INFORMATION ▸
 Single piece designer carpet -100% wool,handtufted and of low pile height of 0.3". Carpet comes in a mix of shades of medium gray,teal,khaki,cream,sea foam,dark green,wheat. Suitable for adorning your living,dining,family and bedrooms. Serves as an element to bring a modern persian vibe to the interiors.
--
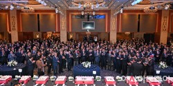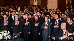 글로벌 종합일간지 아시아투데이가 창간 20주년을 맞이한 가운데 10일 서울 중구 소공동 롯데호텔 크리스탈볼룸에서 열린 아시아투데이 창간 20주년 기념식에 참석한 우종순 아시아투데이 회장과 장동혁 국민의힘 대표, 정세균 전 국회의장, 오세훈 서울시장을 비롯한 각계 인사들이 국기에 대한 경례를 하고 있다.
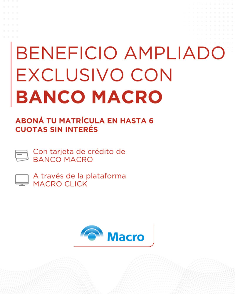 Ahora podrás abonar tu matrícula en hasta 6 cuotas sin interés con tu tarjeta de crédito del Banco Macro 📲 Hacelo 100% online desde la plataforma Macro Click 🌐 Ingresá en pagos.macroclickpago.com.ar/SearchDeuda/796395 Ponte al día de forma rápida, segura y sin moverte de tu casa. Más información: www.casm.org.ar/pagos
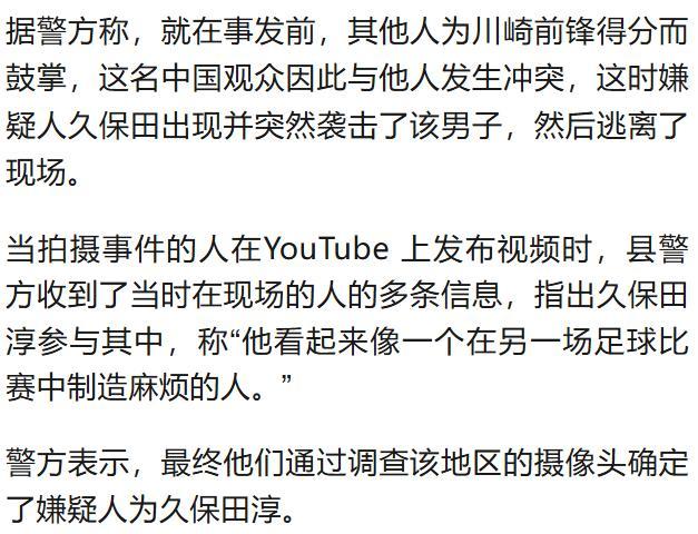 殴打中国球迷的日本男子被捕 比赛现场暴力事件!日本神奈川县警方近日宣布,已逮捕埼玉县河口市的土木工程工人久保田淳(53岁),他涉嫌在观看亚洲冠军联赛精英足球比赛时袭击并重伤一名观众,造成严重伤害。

ASSIGNED TASK ▸ With pictures excluded, reproduce exactly the lines above from the one containing "Ahora podrás abonar" down to the one containing "殴打中国球迷的日本男子被捕 比赛现场暴力", those two included.

YOUR SOLUTION ▸
 Ahora podrás abonar tu matrícula en hasta 6 cuotas sin interés con tu tarjeta de crédito del Banco Macro 📲 Hacelo 100% online desde la plataforma Macro Click 🌐 Ingresá en pagos.macroclickpago.com.ar/SearchDeuda/796395 Ponte al día de forma rápida, segura y sin moverte de tu casa. Más información: www.casm.org.ar/pagos
 殴打中国球迷的日本男子被捕 比赛现场暴力事件!日本神奈川县警方近日宣布,已逮捕埼玉县河口市的土木工程工人久保田淳(53岁),他涉嫌在观看亚洲冠军联赛精英足球比赛时袭击并重伤一名观众,造成严重伤害。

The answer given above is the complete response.